Wednesday 27 March 2013, 7pm
Meeting at Banner Repeater
Reading extract from Counter Intelligence
Counter Intelligence is a catalogue of self-published and autonomous print creations from the hands-on exhibition of zines, comics, pamphlets and other self-produced print at the 121 Centre, Brixton in 1995 organised by Jason Skeet & Mark Pawson.
Reviews 250 titles, plus short essays looking at specifics of autonomous self-publishing as well as placing this activity in a wider context; Autonomy, Dialectics of desk-top-publishing, Cultural Noise, Appropriate Scale Publishing, Price No Object/ Priceless Objects, Postal Pleasure, Refusing regularity, A Zinester Rants, The Free Information Network, E-zinesand computer bulletin boards, Autobio Comix, and a Non-exhaustive resources section.
The COUNTER INTELLIGENCE exhibition was also shown at Gavin Brown’s enterprise in New York and included in Hans-Ulrich Obrist’s 1996 live-life/life-live project. A vital doccument of its time.
We will be reading an 8 page extract reprinted by Mark Pawson for the Reading Group. Pick up a copy from Banner Repeater and X Marks the Bökship.
Size A4 / 28 pages
Artists’ Magazines, An Alternative Place for Art
By Gwen Allen
Published by MIT Press, 2011
Wednesday 13 March 7 – 9pm at X Marks the Bokship
Reading Chapter 7: Artists’ Magazines in the 80s.
Magazine publishing is an exercise in ephemerality and transience; each issue goes out in the world only to be rendered obsolete by the next. To publish a magazine is to enter into a heightened relationship with the present moment. During the 1960s and 1970s, magazines became an important new site of artistic practice, functioning as an alternative exhibition space for the dematerialized practices of conceptual art. Artists created works expressly for these mass-produced, hand-editioned pages, using the ephemerality and the materiality of the magazine to challenge the conventions of both artistic medium and gallery. In Artists’ Magazines, Gwen Allen looks at the most important of these magazines in their heyday (the 1960s to the 1980s) and compiles a comprehensive, illustrated directory of hundreds of others.

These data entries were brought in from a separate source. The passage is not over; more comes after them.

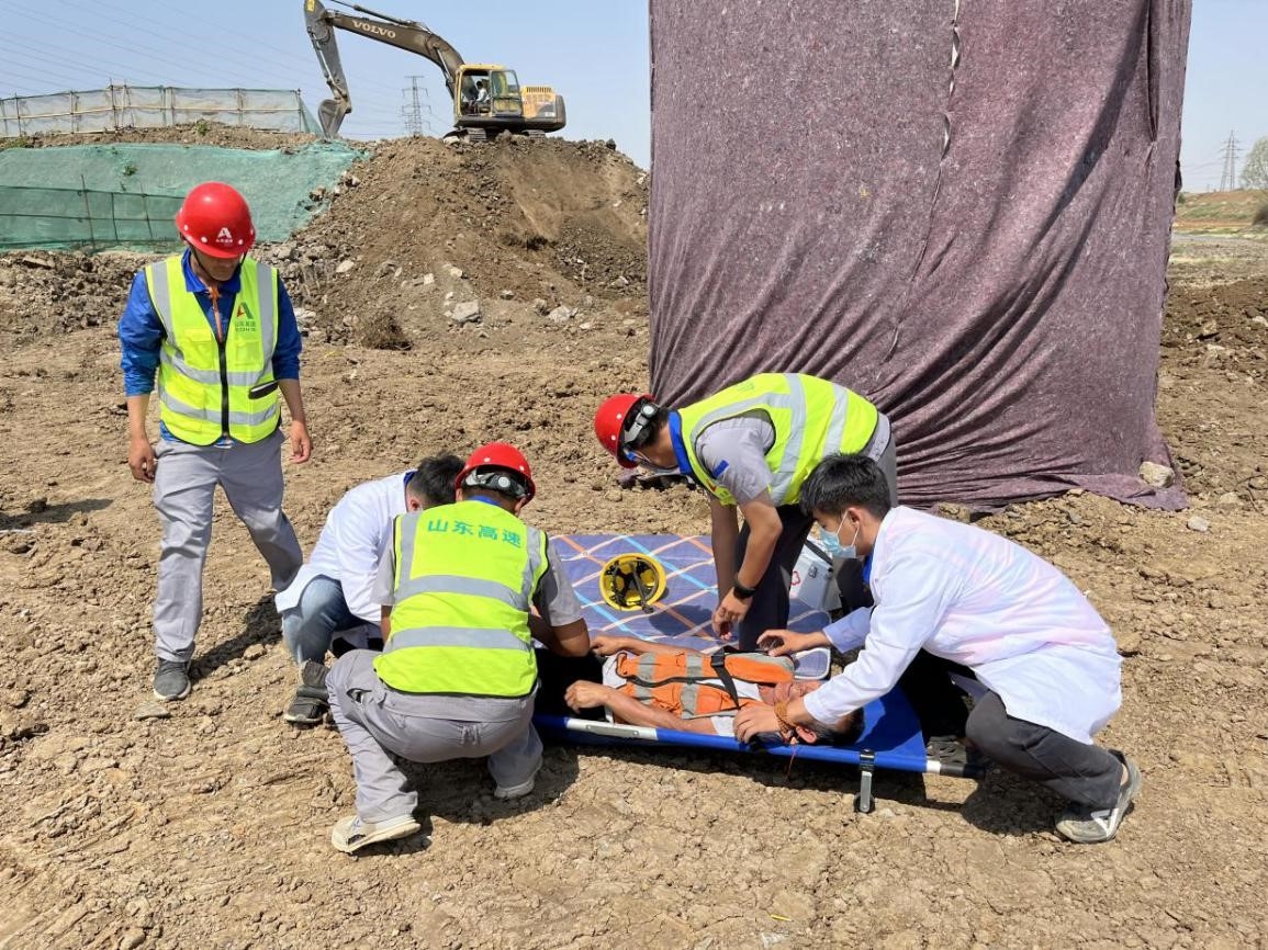 此次演练模拟作业人员在绑扎钢筋时发生意外,现场负责人迅速进行应急救援处置,并对本次事故进行评估。整个演练井然有序,各个小组分工明确,达到了预期效果。
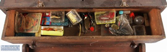 FLY TYING KIT: Portable fly-tying kit in a vintage stained wooden carry chest, with noted contents of baits, lures, minnows, floats, lead weights - names include Gibbs, Doublex
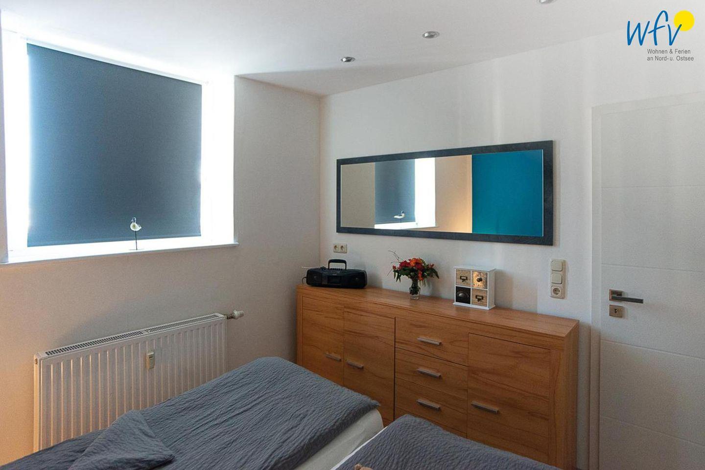Das separate Schlafzimmer ist mit einem komfortablen Doppelbett ausgestattet. Ein Kleiderschrank bietet Ihnen Platz für die Urlaubsgarderobe. Und wenn Sie morgens nach dem Aufstehen aus dem Fenster schauen, begrüßt Sie ein schöner Blick aufs Meer!
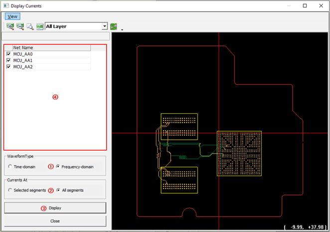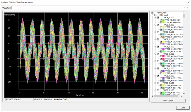 Radiated Emission Frequency-Domain Viewer will be open and current of net will be
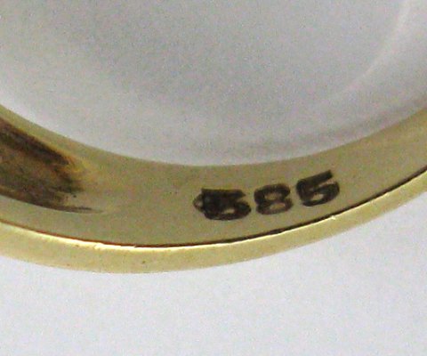 Ring af 14 kt. guld med blå, facetslebne sten
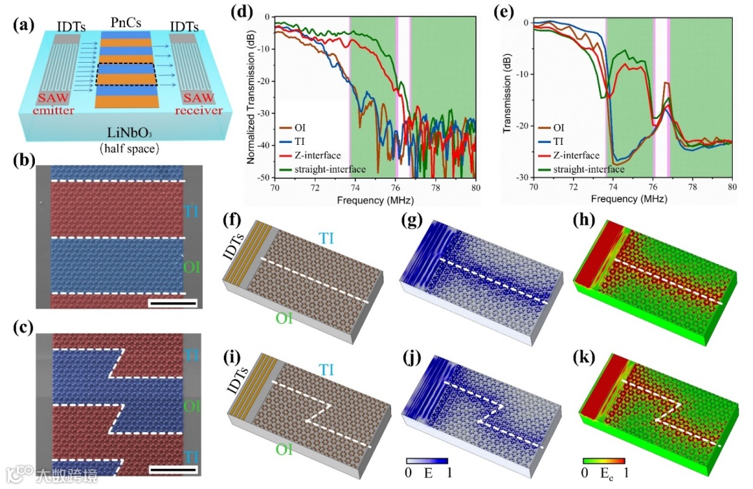 图4. 单片集成在声表面波拓扑传输线原型器件。(a)器件/实验示意图;(b, c)直波导及弯曲波导的样品照片。(d,e)网络分析仪测量的传输线S21参数及模拟结果。(f-k)两种声表面波波导中的声场分布及静电场分布。

Among the magazines Allen examines are Aspen (1965–1971), a multimedia magazine in a box—issues included Super-8 films, flexi-disc records, critical writings, artists’ postage stamps, and collectible chapbooks; Avalanche (1970-1976), which expressed the countercultural character of the emerging SoHo art community through its interviews and artist-designed contributions; Art-Rite (1973-1978), an irreverent zine with a disposable, newsprint format; Real Life (1979-1994), published by Thomas Lawson and Susan Morgan as a forum for the Pictures generation; 0 to 9 (1967–1969), a mimeographed poetry magazine founded by Vito Acconci and Bernadette Meyer; FILE (1972–1989), founded by the Canadian collective General Idea, its cover design a sly parody of Life magazine; and Interfunktionen (1968–1975), founded to protest the conservative curatorial strategies of Documenta. These and the other magazines Allen examines expressed their differences from mainstream media in both form and content: they cast their homemade, DIY quality against the slickness of an Artforum, and they created work that defied the formalist orthodoxy of the day. (A work by John Baldessari from the late 1960s shows a photograph of Artforum, captioned “THIS IS NOT TO BE LOOKED AT.”) Artists’ Magazines, featuring abundant color illustrations of magazine covers and content, offers an essential guide to a little-explored medium.